Penny Stock Trade Regulation

Penny Stock Trade Regulation

Typically, penny stocks trade takes place outside the major market exchanges. These stocks are highly speculative due to their low liquidity and restricted following and disclosure. Penny stocks popularly operate through pink sheets and the OTC Bulletin Board.

The SEC (Securities and Exchange Commission) implements all rules and regulations that govern the issuance and trading of all publicly trading companies as well as the brokers involved in trading stocks. 

What Is The SEC Policy Regarding Penny Stocks?

All traders that deal in penny stocks investments should warn their clients of the risks that are involved in trading penny stocks. These stocks are from small firms and are under $5. Traders and brokers are also required to show how much they are getting paid for trading penny stocks, to avoid any corruption.

As per SEC rules, it should also be made clear that penny stocks cannot be precisely priced and traded only occasionally. Although they offer high rewards, they come with a greater risk than all other stocks.

IPO of a penny stock

The penny stock trade has progressed with the changing marketing trends. Before the SEC modified their definition to include all shares that trade below $5, penny stocks are the stocks were traded for less than a dollar per share.

A large percentage of penny stocks trade does not take place on the major market exchanges. But, there are a few large corporations that trade less than $5 per share on major exchanges including NASDAQ, based on market capitalization.

Typically, a penny stock is a tiny company having highly speculative and illiquid shares which is subject to a few listing requirements with fewer regulatory standards.

Similar to other publicly traded stocks, a penny stock goes through a process referred to as an IPO or initial public offering. Initially, a company has to file a registration statement with the SEC to state that the offering is qualified to be excluded from registration. There are also many security laws that it must comply with the states that it intends to trade the stock.

Upon approval, the company initiates the soliciting process to get in touch with investors. Eventually, the company applies to get the stock listed on an exchange. It can also trade on the OTC.

Most commonly, start-ups and small companies issue stock to raise capital to develop their business. This procedure takes considerable time since it involves extensive paperwork. Moreover, it can also be costly.

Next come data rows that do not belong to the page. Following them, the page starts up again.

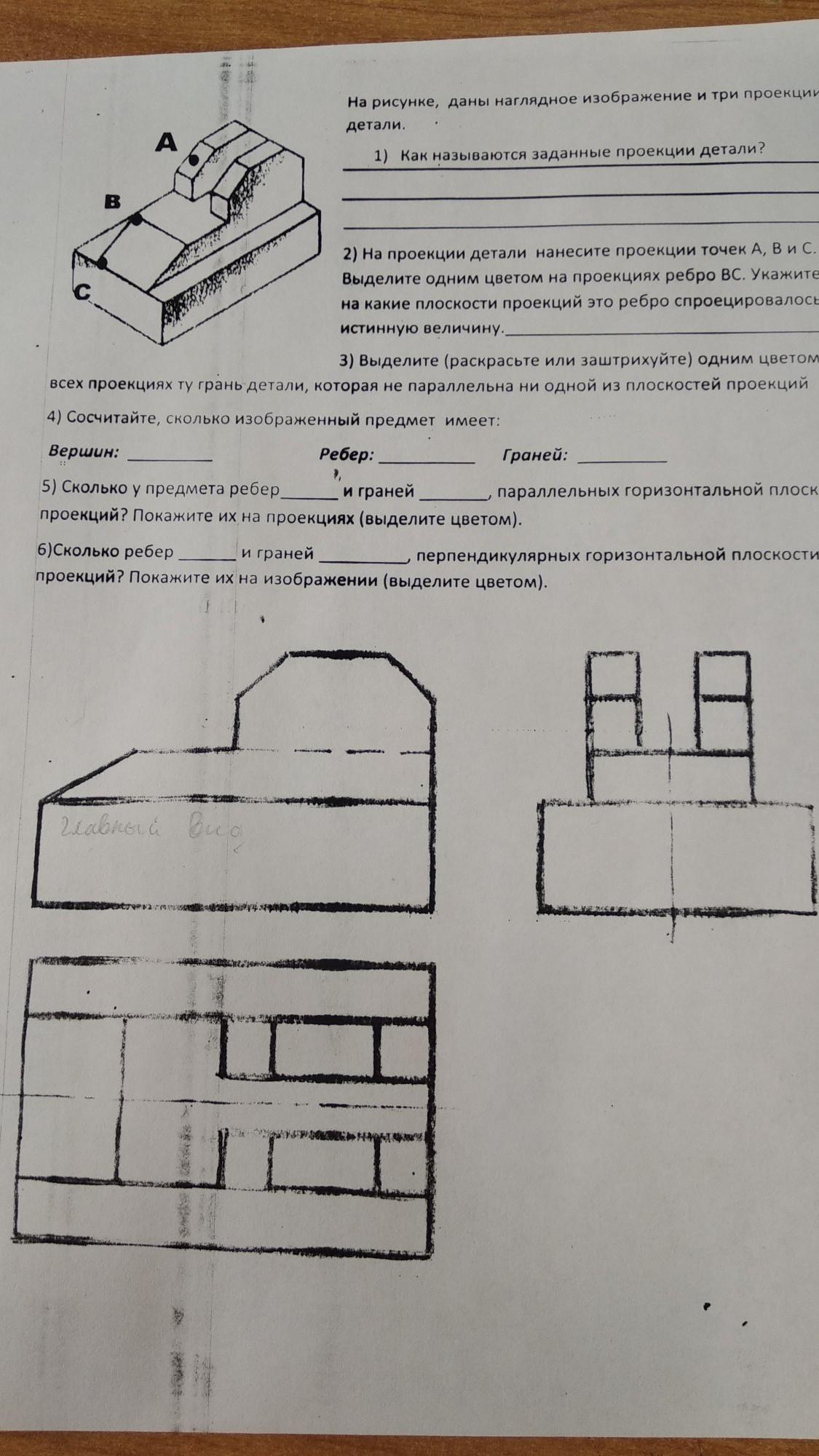 Выделите одним цветом на проекциях ребро ВС. Укажите,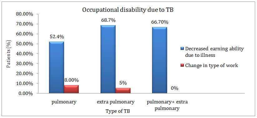 The employed patients of pulmonary were 21 patients; 16 with extra-pulmonary and 3 with pulmonary and extra-pulmonary. The earning ability of pulmonary tuberculosis, extra-pulmonary tuberculosis and pulmonary and extra-pulmonary was 52.4 %, 68.7 % and 66.7 % respectively.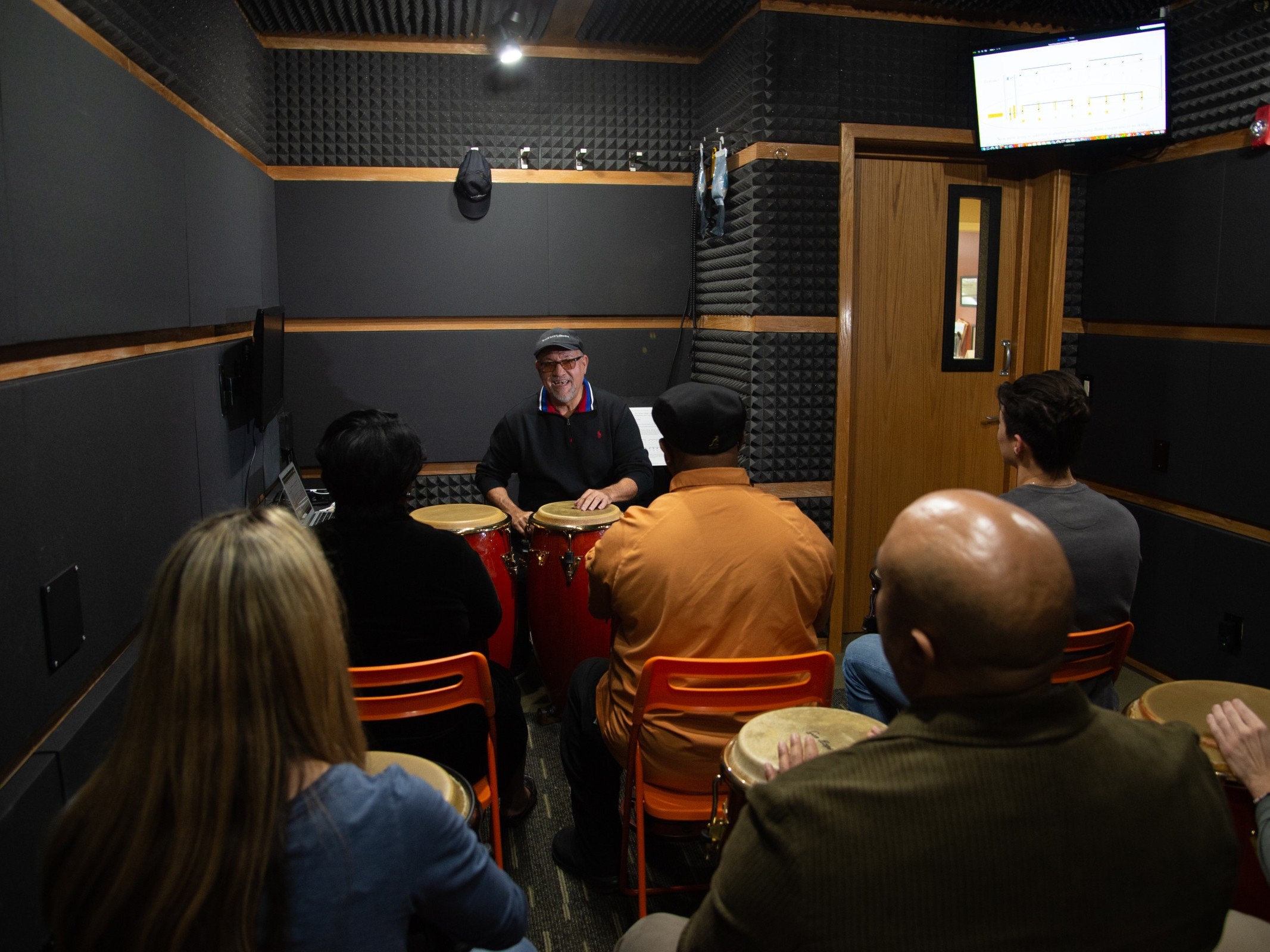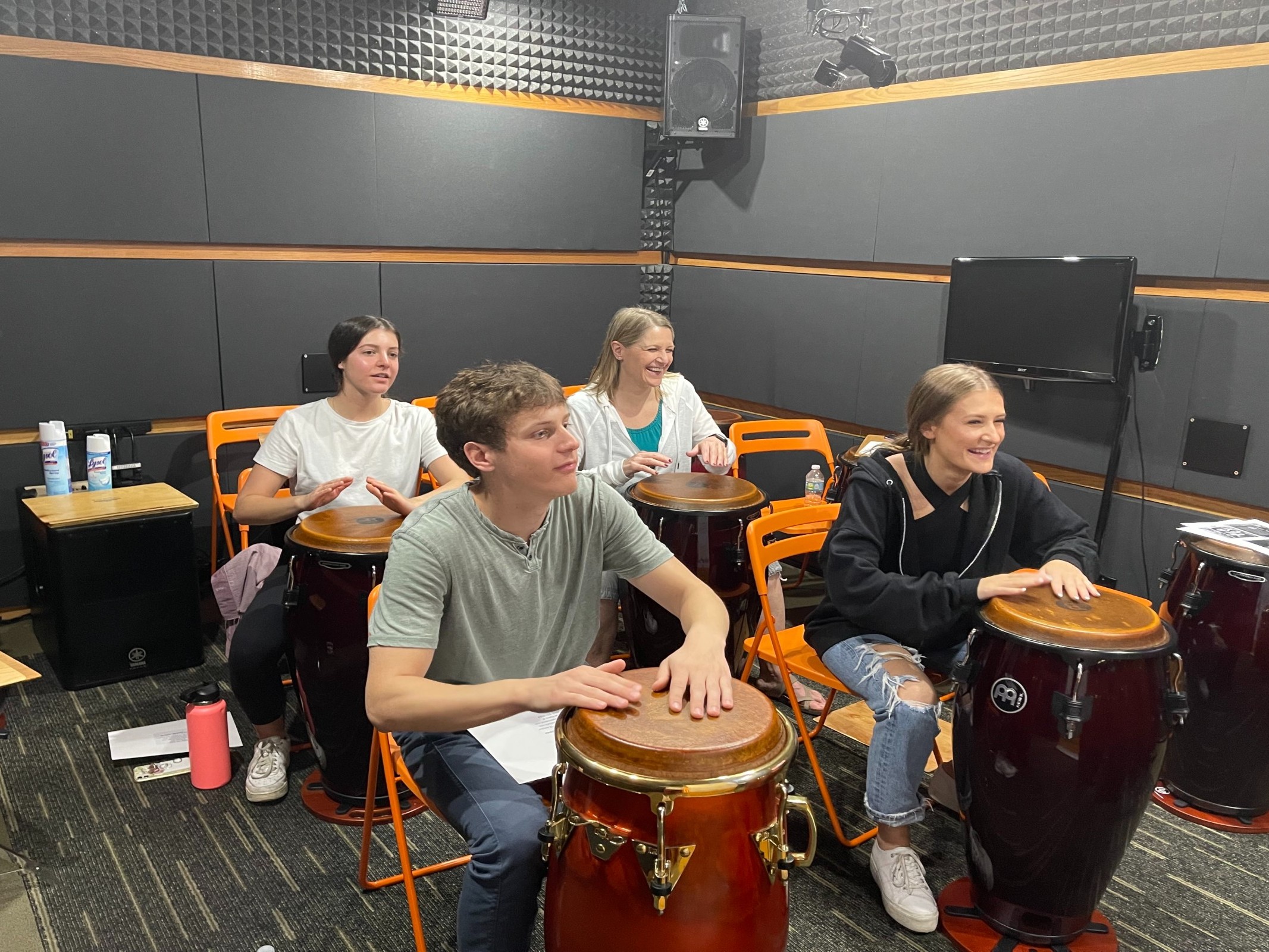 体验一群人一起愉快地学习康加鼓的兴奋之情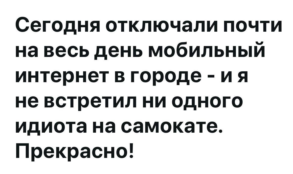 Плюсы отключения интернета в городе. Предлагаю продлить акцию)))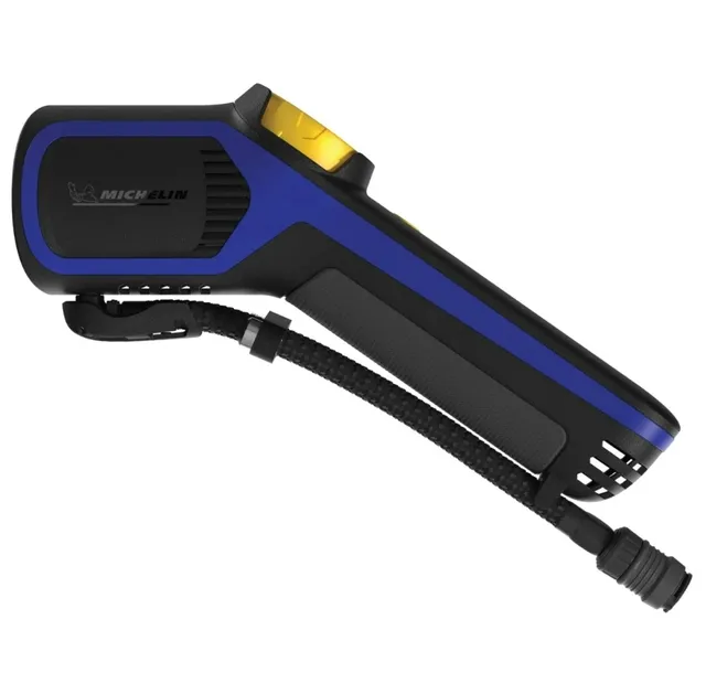 Bezprzewodowa pompka akumulatorowa MICHELIN Top-Up to idealne narzędzie do codziennych zadań i awaryjnych sytuacji związanych z pompowaniem. Dzięki niewielkim rozmiarom i lekkości, możesz zabrać go wszędzie, co sprawia, że doskonale sprawdza się zarówno w domu, jak i na wyjazdach. Wyposażony w cztery programowalne ustawienia ciśnienia, świetnie nadaje się do pompowania opon rowerowych, motocyklowych, samochodowych oraz piłek sportowych.

One of the best ways for a start-up company to get hold of significant capital is by issuing stocks. Penny stocks are frequently the outcomes of such projects. They are both risky and lucrative for investors.

Stocks Trade

You should consider these stocks approximate investments. This reason is why the FINRA and the SEC have established specific and clear rules for regular authentic penny stocks trading. All broker-dealers must obey and fulfill the requirements of Section 15(h) of the SEC Act of 1934 to qualify for trading any penny stocks.

These policies help investors to identify and avoid fraudulent offers that lure investors to make huge investments. Many investors have suffered potential losses in hopes of getting instant rewards. Although the penny stocks spectrum ranges from instant profits to potential risk, the reality lies within these extremes

What To Pay Attention To When Trading Penny Stocks?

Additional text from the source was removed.